Wednesday, September 26, 2007

The First Day of Creation-AhMbDvd

By Aharon Moshe (ben-Dovid) Sanders Sept 26, 2007



This short sequence of words contains some insights that I have come up with and wish to share with anyone who may have happened upon this site. the current concepts were heavily influenced and inspired by Tractate (Masechta) Chagigah. What follows is a sort of meta-anlaysis of the Parsha Bereishis, or borrowing jargon from theater arts, reading the subtext of Bereishis.



My reader my find that the analysis goes off into several different directions at the same time, much like the scientific description of the big bang has massive waves of energy fusing into all directions from some central point, the point itself never being adequately described.



My regular readers (send me an e-mail if you are out there) may notice I have been jazzing up this site with images, color text etc.
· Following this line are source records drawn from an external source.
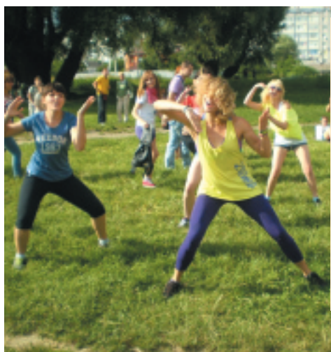
На фестивалі GreenFest проводитимуть майстер-класи з танцю

Довідка «ВСІМ»: «GREEN FEST» – це найбільший фестиваль розвитку на День молоді, що відбудеться 28 червня на території Молодіжного парку в Хмельницькому. Це 24-годинна програма з самого світанку, десятки заходів, майстер-класи, концерти, спортивні змагання.
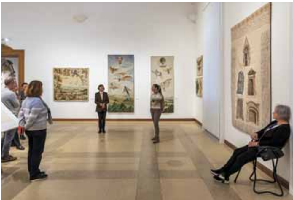
Tárlatvezetés Nagy Judit kiállításán.
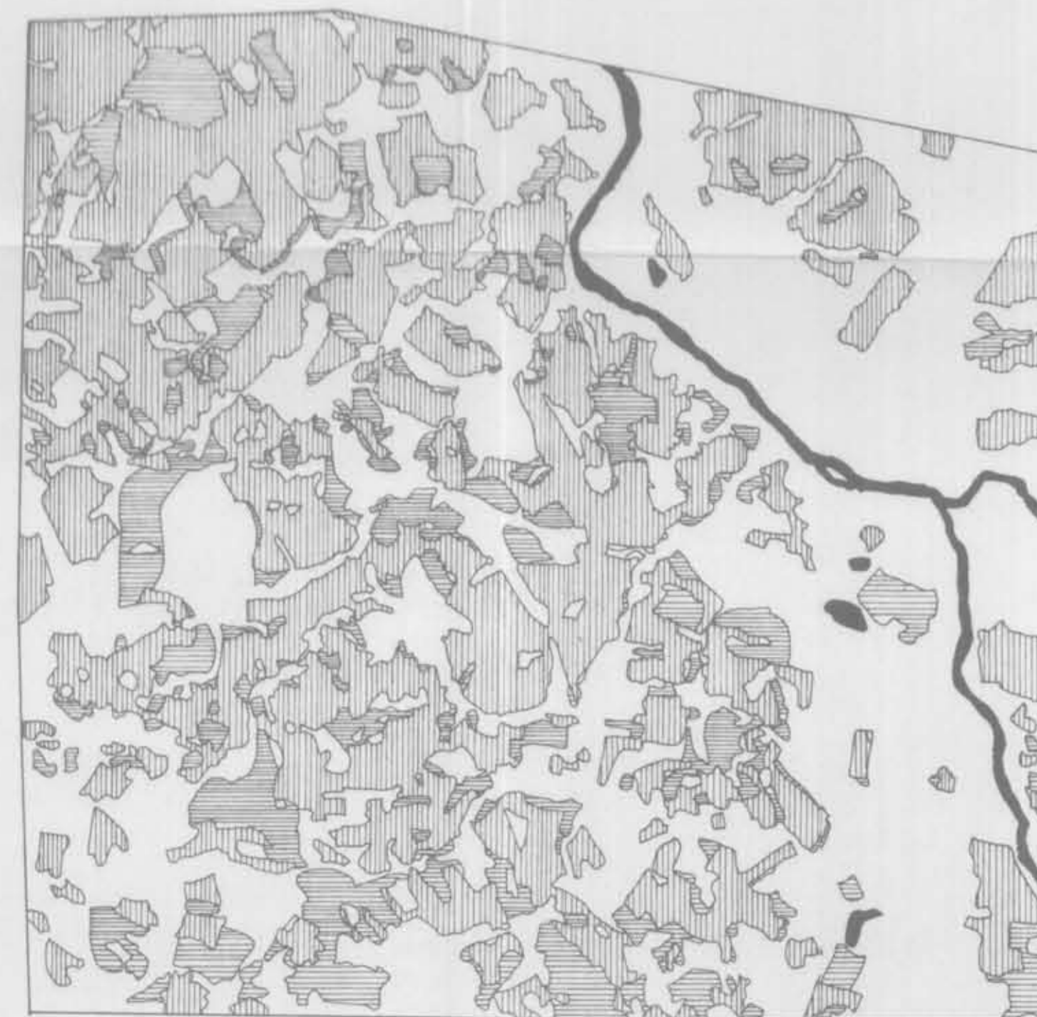
SOMATÓRIO DAS PASSAGENS DE SET. + NOV.
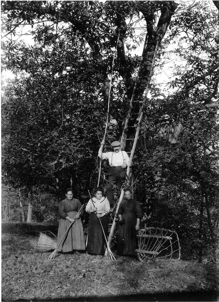
5 Roberto Donetta, Raccolta di castagne.
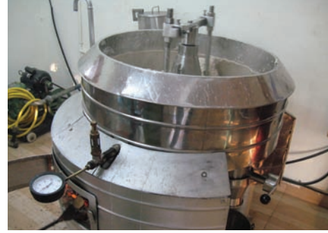
ಚಿತ್ರ 27 ಕೃಷಿ ತ್ಯಾಜ್ಯವನ್ನು ಇಂಧನವಾಗಿ ಉಪಯೋಗಿಸುವ ಯಂತ್ರ

ತಾಜಾ ಬಲಿತ ತೆಂಗಿನ ತಿರುಳಿನಿಂದ ಯಾಂತ್ರಿಕವಾಗಿ ಅಥವಾ ಸಹಜವಾಗಿ, ಶಾಖದ ಬಳಕೆಯಿಂದ ಅಥವಾ ಯಾವುದೇ ರಾಸಾಯನಿಕ ಸಂಸ್ಕರಣೆ ಇಲ್ಲದೇ, ಬ್ಲೀಚಿಂಗ್ ಉಪಯೋಗಿಸದೇ, ನೈಸರ್ಗಿಕ ಸುವಾಸನೆ ಮತ್ತು ಪೋಷಕಾಂಶಗಳನ್ನು ಕಾಪಾಡಿಕೊಂಡ ಎಣ್ಣೆಯೇ ವರ್ಜಿನ್ ತೆಂಗಿನ ಎಣ್ಣೆ. ಇದು ಮಧ್ಯಮ ಸರಣಿಯ ಕೊಬ್ಬಿನ ಅಥವಾ ಆಮ್ಲವನ್ನು ಹೊಂದಿದ ಪ್ರಮುಖವಾಗಿ ಲಾರಿಕ್ ಆಸಿಡ್ ಮತ್ತು ಇದು ಖನಿಜಗಳು, ಜೀವಸತ್ವಗಳು, ಉತ್ಕರ್ಷಣ ನಿರೋಧಕಗಳ ನಿಧಿಯಾಗಿದ್ದು ಉತ್ತಮ ಪೌಷ್ಟಿಕ ಔಷಧಾಹಾರ
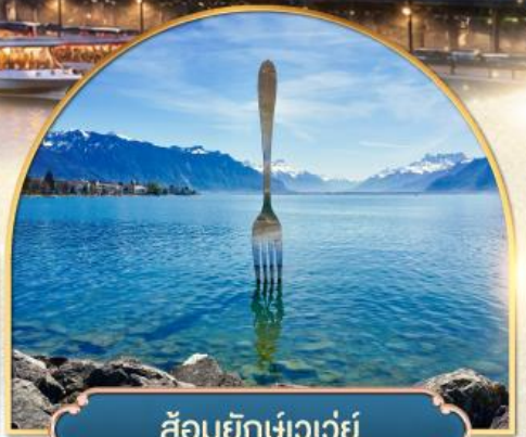
ล้อมยักเขาวัว
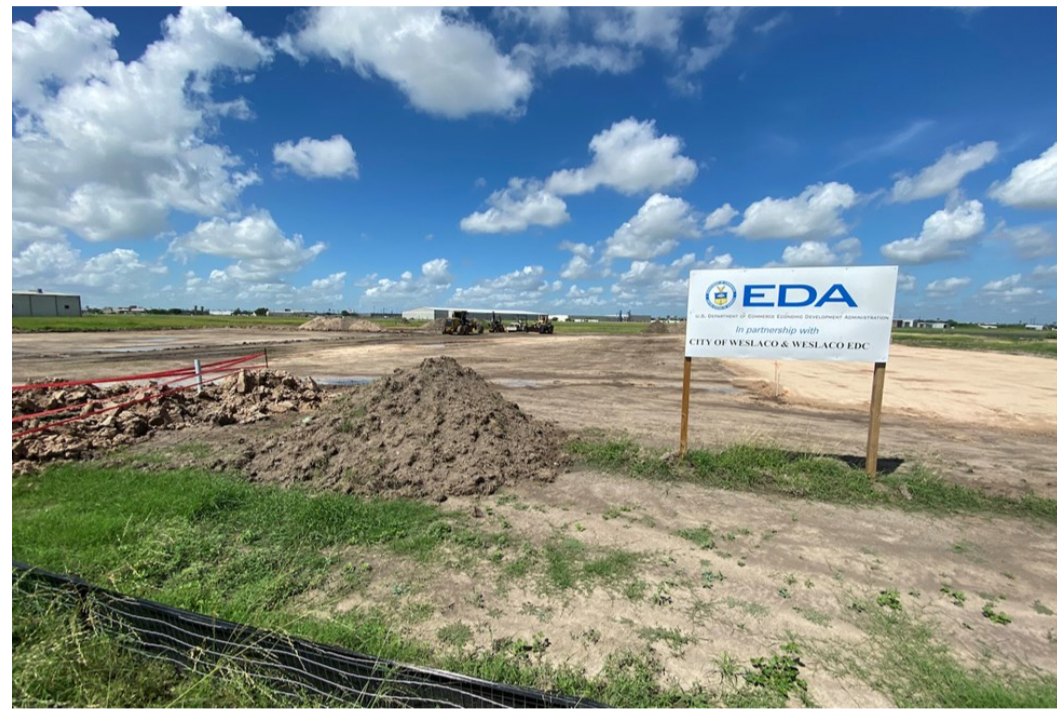
Obras de ampliación del Mid Valley Airport, Weslaco (agosto 2021)

los próximos 5-10 años, se prevé ampliar de nuevo la pista (a 7,500 ft / 2,286 m) y la plataforma de estacionamiento, con el fin de captar aviones de mayores dimensiones y de mayor distancia destino/origen. El presupuesto de este proyecto es de 13M de dólares.

A large mass of words without images tends to appear mundane. It is also within the nature of the typical internet surfer to view things briefly and only go on if something truly calls their attention.






The space above was intended fro an image, it may get upoaded maybe not.
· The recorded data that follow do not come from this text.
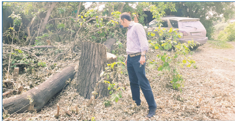
Контроль спила аварийных деревьев на ул. Ногина
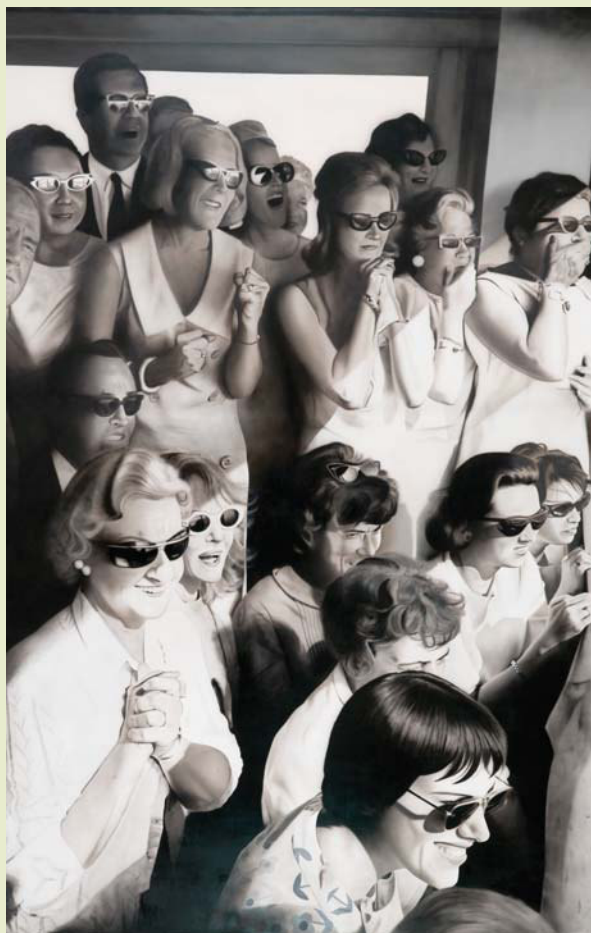
Adrian Procel. Expectation acrílico sobre tela

Registro 02. Mirar por segunda vez incita a la contemplación y a reconocer el proceso ejecutado durante la observación a través de más de cincuenta obras con un denominador común: el gesto estético y la exploración a través del juego y del lenguaje de lo que llamamos arte.
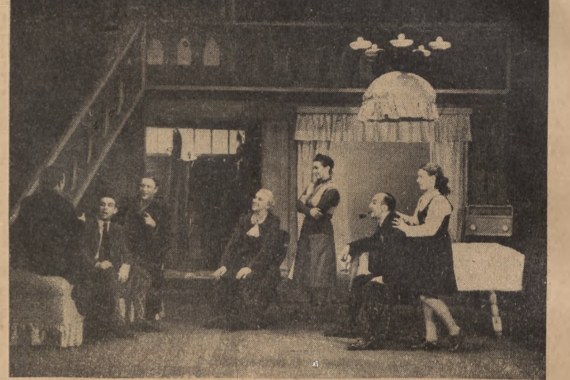
„Wiosna w Norwegii”, sztuka według powieści Stuarta Engstranda w adaptacji Anatola Sterna na scenie Państwowego Teatru Polskiego w Szczecinie
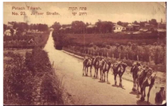
فجّة: قرية فجّه قبل النكبه
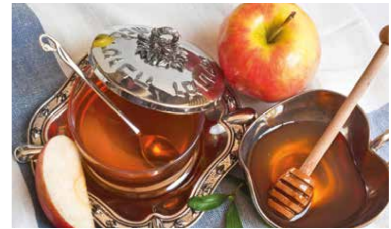
Vid Rosh Hashanah äter man ofta äppelbitar doppade i honung. En välsignelse för ett sött år uttalas innan måltiden.

Under Rosh Hashanah inleds kvällsmåltiden ofta med att äta
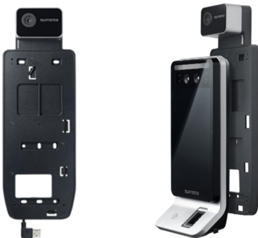
Suprema Thermal Camera TCM10-FSF2
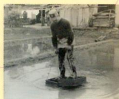
おおあしふみ(田下駄)
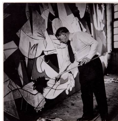
Dora Maar. Picasso dret treballant en el Guernica al seu taller de Grands-Augustins © Museo Nacional Centro de Arte Reina Sofía

Picasso. El viatge del Guernica proposa un recorregut històric de l'obra de Picasso des de la seva creació a París el 1937 fins al seu emplaçament permanent al Museo Nacional Centro de Arte Reina Sofía el 1992. Els visitants podran descobrir el procés creatiu que va seguir el cèlebre artista espanyol per executar aquesta obra, i també el seu significat de denúncia antibèlica i els motius pels quals l'obra va viatjar per tot el món durant més de quaranta anys.
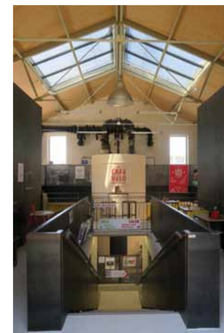
Vue depuis l'entrée haute, le choix des matériaux (métal) se réfère au passé industriel du lieu. Les éléments de charpente triangulaires, fermes de type Polonceau, n'ayant pu être conservés, ont été remplacés par de nouvelles fermes métalliques.
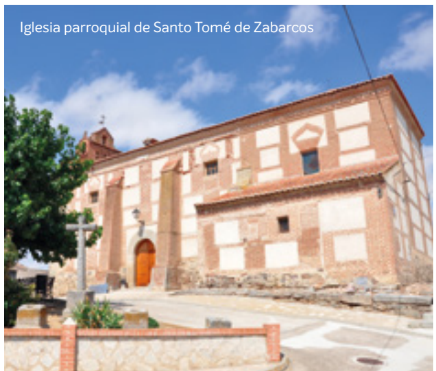
Iglesia parroquial de Santo Tomás de Zabarcos

The first line of Bereishis contains 7 words. The seven words correspond to the seven days of the week. The opening remark ends with Ha-Eretz, which is translated as the earth. I know none of this is Earth Shattering kind of content.

The expalnation then continues with Ha-Eretz we can actually count the hebrew words that are contained within the 1st 5 lines of Bereishis. Try it each and every time there should be no surprise that there are 52.
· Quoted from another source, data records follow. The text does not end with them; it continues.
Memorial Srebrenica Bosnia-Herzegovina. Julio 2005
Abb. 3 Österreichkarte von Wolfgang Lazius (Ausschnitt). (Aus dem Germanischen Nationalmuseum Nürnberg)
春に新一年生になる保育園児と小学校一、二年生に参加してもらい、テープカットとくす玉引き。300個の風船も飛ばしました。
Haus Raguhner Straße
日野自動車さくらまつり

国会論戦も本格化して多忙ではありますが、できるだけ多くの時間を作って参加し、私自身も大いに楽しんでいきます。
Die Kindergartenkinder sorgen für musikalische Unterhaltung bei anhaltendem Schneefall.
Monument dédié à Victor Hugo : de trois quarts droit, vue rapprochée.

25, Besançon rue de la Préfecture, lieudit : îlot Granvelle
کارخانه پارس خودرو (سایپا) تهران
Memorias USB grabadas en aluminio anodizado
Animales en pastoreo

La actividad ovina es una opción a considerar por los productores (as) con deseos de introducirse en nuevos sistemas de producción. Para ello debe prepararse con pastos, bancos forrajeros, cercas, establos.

So, we have the first sentence of Bereishis which contains seven words which sets an important cycle, the week. Then by the end of the Torah's description Bereishis 1-5, we have the completion of the first day of creation Yom Echod! I might be looking for holidays here but Yom Echod- the first day, seems like something worth celebrating.

The Torah gets these concepts out there in 52 words, which correspond to the 52 weeks of a year. All this of course in One Day of Hashem's creation!